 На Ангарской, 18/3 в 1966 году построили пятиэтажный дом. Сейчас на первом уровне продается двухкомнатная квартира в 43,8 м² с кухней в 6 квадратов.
---
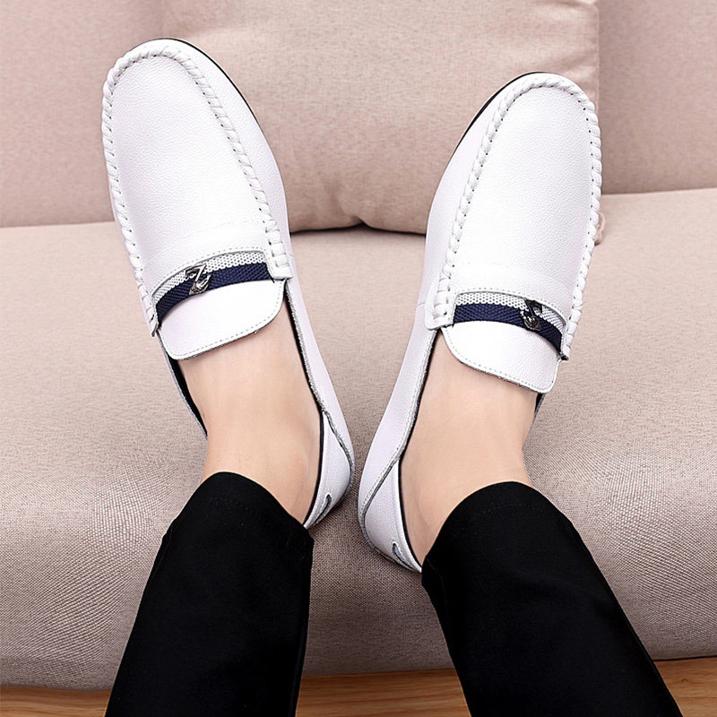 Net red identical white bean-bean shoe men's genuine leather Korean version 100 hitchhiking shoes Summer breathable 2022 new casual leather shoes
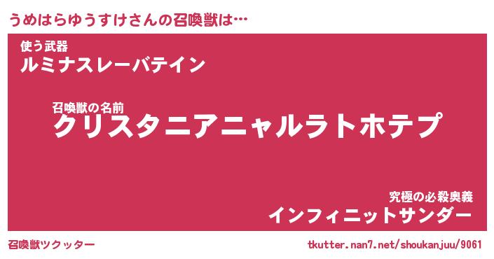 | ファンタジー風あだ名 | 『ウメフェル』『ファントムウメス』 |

EXERCISE AIM: A clean copy is needed of the lines in the listing above from the one with "Net red identical" through the one with "ファンタジー風あだ名 | 『ウメフェル』『ファントムウメス』 |", exact in every word and free of pictures.

EXPECTED OUTPUT:
 Net red identical white bean-bean shoe men's genuine leather Korean version 100 hitchhiking shoes Summer breathable 2022 new casual leather shoes
 | ファンタジー風あだ名 | 『ウメフェル』『ファントムウメス』 |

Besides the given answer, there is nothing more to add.